In vitro replication also appears dependent on the expression in cells of PrP^C protein and, in the absence of other markers for infectivity, the site of conversion of PrP^C to PrP^Sc has been studied to elucidate where in the cell replication is taking place. Most PrP^C is localized on the cell surface in lipid rafts via a C-terminal, glycosyl-phosphatidyl-inositol (GPI) anchor and its synthesis on ER-attached ribosomes, trafficking (and complex N-glycan addition) in the Golgi body and translocation to the cell lumen and surface mirror that of other membrane and secreted proteins. Early time-course studies in infected neuroblastoma cells indicated that the conversion to PrP^Sc takes place following transit of PrP^c to the cell surface, either at the surface or during constitutive endocytosis via clathrin-coated pits and re-cycling in the endosomal-lysosome system (Caughey and Raymond 1991; Westergard et al. 2007); in vivo PrP (either PrP^c or PrP^Sc) can be observed accumulating at the plasma membrane and in the intercellular space well before neuronal loss, vacuolation, and gliosis (Jeffrey et al. 1996) and may have a direct toxic or mitogenic effect on neighbouring cells. PrP^C may play a role in protecting cells from oxidative stress (Crozet et al. 2008), and has a cytoprotective effect in yeast, mammalian cells and mice (Bounhar et al. 2001; Atarashi et al. 2003; Bounhar et al. 2006). Hence, the observed cellular pathogenesis of prion replication may be the product of a toxic gain of function due to the formation of small oligomers of PrP^Sc (Winklhofer et al. 2008; Wang et al. 2009) coupled to loss of normal cyto-protective activity.
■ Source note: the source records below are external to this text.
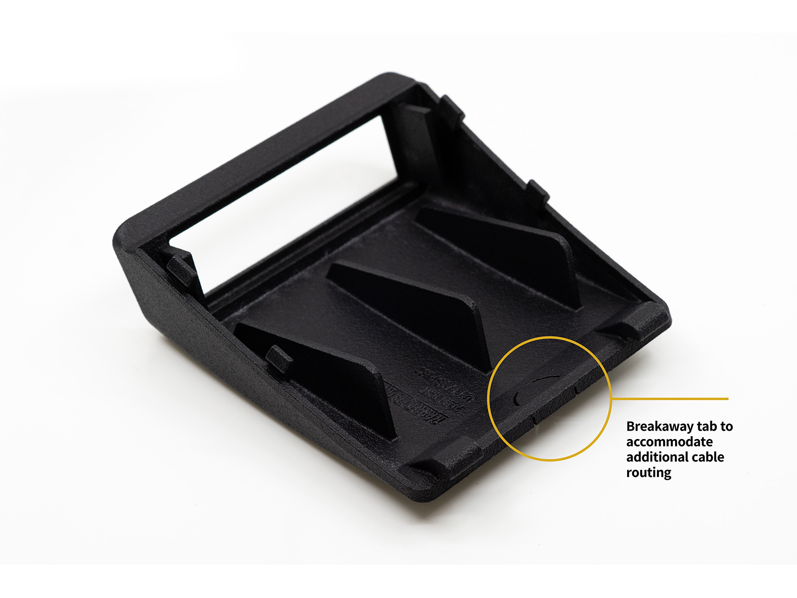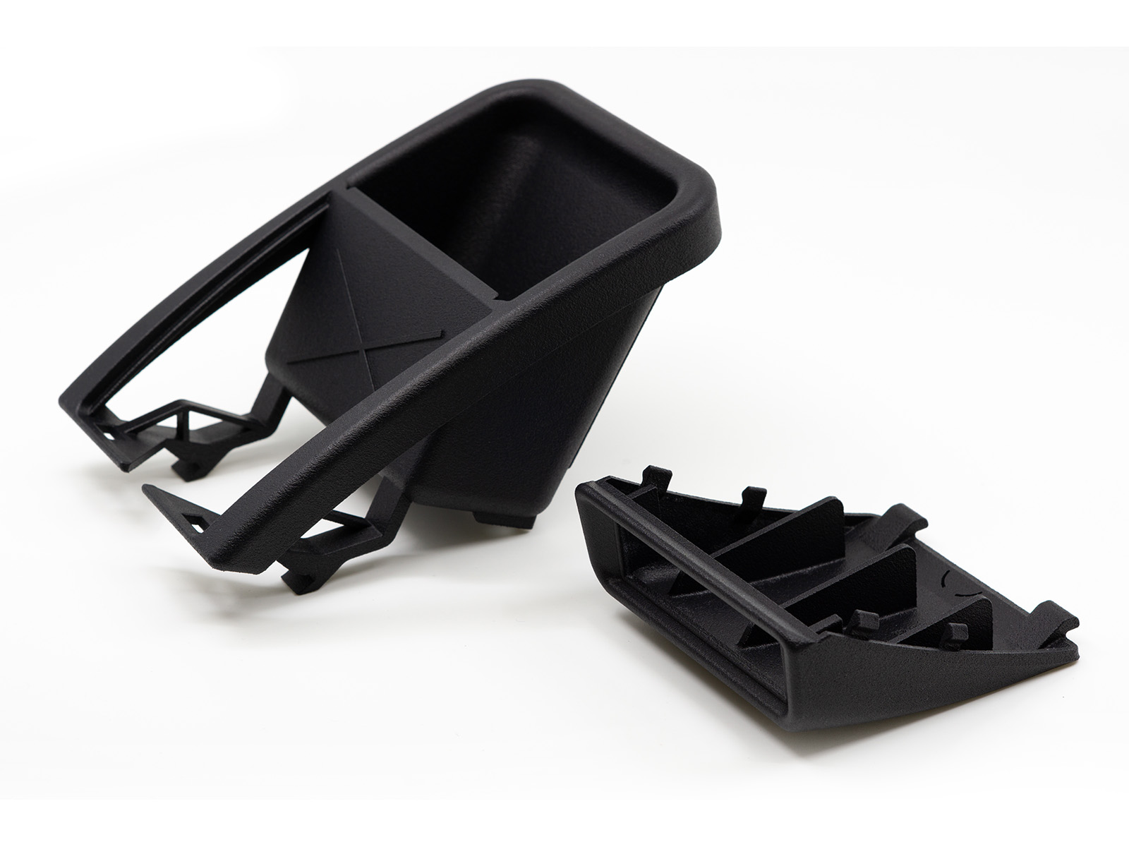 Manufactured from black PA12 nylon, the part offers excellent durability and a finish consistent with typical automotive interior plastics.
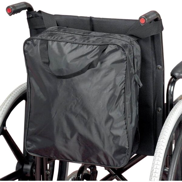 This high-quality bag fits securely over the back of most wheelchairs. It features sturdy loops that slip easily over the pushing handles and carry handles for off-chair portability. The zip-top closure provides quick and easy access to your belongings.
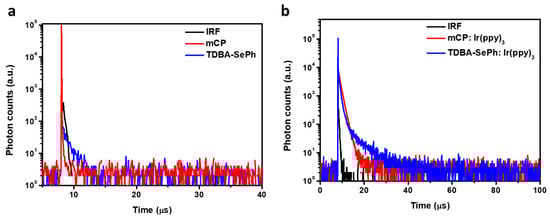 - Lee, J.; Jeong, C.; Batagoda, T.; Coburn, C.; Thompson, M.E.; Forrest, S.R. Hot excited state management for long-lived blue phosphorescent organic light-emitting diodes. Nat. Commun. 2017, 8, 15566. [Google Scholar] [CrossRef]

Much further work needs to be done to understand these cellular interactions in the brain and peripheral tissues, not least because their understanding should guide the development of therapeutics. In recent years, research to develop an effective treatment for humans affected by vCJD has increased enormously and PrP and its known ligands have been the targets for drug discovery programmes based on in-silico modelling (Ouidja et al. 2007; Larramendy-Gozalo et al. 2007; Ludewigs et al. 2007; Vana et al. 2009), in-vitro binding of small molecules (Schroder and Muller 2002; Gayrard et al. 2005; Klingenstein et al. 2006; Rhie et al. 2003; Sayer et al. 2004) or mAb fragments (Wuertzer et al. 2008), depleting PrP^Sc from infected cell cultures (Nordstrom et al. 2005; Cordes et al. 2007; Cronier et al. 2007; Campana et al. 2009), or prolonging the survival time of animals experimentally-infected with TSEs (Fai Mok et al. 2006; Kawasaki et al. 2007; Doh-ura et al. 2004). However, reducing PrP^Sc levels does not necessarily lead to better survival times (Zuber et al. 2008) and few animal experiments have shown drug efficacy unless the treatment starts before or at the time of infection. Nevertheless, clinical studies in humans are currently in progress (Collinge et al. 2009; Stewart et al. 2008; Tsuboi et al. 2009) and the identification of PrP^C-specific pharmaceuticals may have a broader utility in the treatment of human neurodegenerative diseases; PrP^C has recently been shown to be a mediator of (Alzheimer’s) amyloid-β-oligomer-induced synaptic dysfunction (Lauren et al. 2009).